Decisive attorney with diverse experience in family, contract, media, copyright and First Amendment law. Demonstrates high degree of administrative and organizational expertise. Excellent time management, advocacy and collaborative skills enhanced by strong and persuasive writing. Strengths include legal and public relations analysis, multi-media communications, risk assessment and planning as well as policy development and implementation. Self-directed, articulate and resourceful. Well established record for delivering pragmatic management and proactive strategies. Highly successful in identifying, assessing and communicating under adverse circumstances and short deadlines. Award winning photojournalist. Lifetime knowledge dealing with fast-breaking and complex issues. Experienced teaching both law and communications at the graduate and undergraduate levels.
The following personal interview appeared in the June 2005 issue of Living Prime Time
"What's your real name?" That's a question Mickey Osterreicher is frequently asked. The answer is his real name is indeed Mickey. "That's what's on my birth certificate," he says. "People are often surprised that a nice Jewish family would name their son, Mickey. But actually, I was named by an uncle of mine who was a big New York Yankee fan, for Mickey Mantle."
His name isn't the only thing that's different about Mickey Osterreicher. How many people do you know who would get up at 2 a.m. every morning to work a full day on one job and then practice law all afternoon? Mickey Osterreicher did that for five years. After ten years as an award-winning photographer at the Buffalo Courier-Express and twenty-two more years as a photojournalist at WKBW-TV, Channel 7, Mickey Osterreicher decided to go back to law school. Three years later, in 1998 he was awarded a law degree, cum laude, at the University of Buffalo and was admitted to the bar in 1999.
The dual role as photographer/lawyer lasted until just about a year ago, when it became clear that his law practice had grown to the point where it required all of Mickey Osterreicher's working hours.
A recent visitor asked, "Isn't law and professional photography an unusual combination of careers?" His answer: "It is and it isn't. There are a lot of reporters that became lawyers. However, probably most of these had the law degree but never practiced. Tim Russert comes to mind." Wasn't it difficult existing on four hours sleep during the dual role days? "I was just very lucky," he said. "I went to bed at ten and got up at two. Either you can do it or you can't. It's nothing you can practice." District Attorney Frank Clark, who has known Osterreicher for almost thirty years, recalled recently "never have I met anybody who has so many varied interests and who accomplished so much on so little sleep."
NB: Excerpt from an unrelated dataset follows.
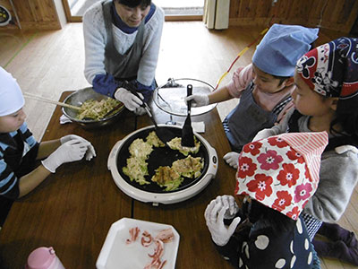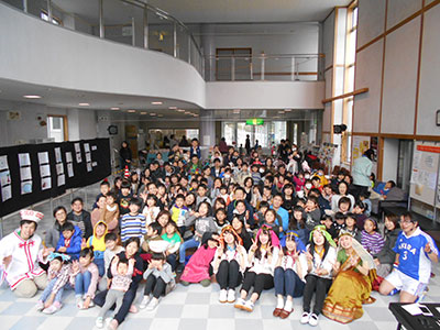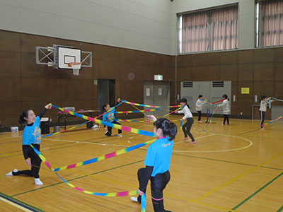 2018/02/24高砂中学校新体操部との共催で、小学生向けに新体操の体験活動をしました。中学生が日頃の練習の成果を発揮し、リボンとこん棒の模範演技を披露。そのしなやかな動きと体の柔らかさに、小学生はみな驚いていました。中学生と一緒に体の柔軟性を高めるストレッチを行った後、実際に小学生も道具をもってリボンとこん棒の演技に挑戦しました。参加者は1年生から6年生までいろいろでしたが、見よう見まねで2人でポーズをきめた時は皆嬉しそうでした。新体操を知っている高学年も、全く経験のない1年生も、今回の体験がとても楽しかったようで、中学校の新体操部に入りたいという感想がたくさん聞かれました。

A highlight of his work-study program at UB involved working as an audio engineer for the university's radio station, WBFO. In that job, he was the one to throw the switch that put "All Things Considered" on the air for the first time in Buffalo. From the radio station he moved to the Spectrum, the student newspaper at UB. It was here that he found his love for news photography, covering rock concerts and the anti-Viet Nam war demonstrations at UB and Washington, D.C.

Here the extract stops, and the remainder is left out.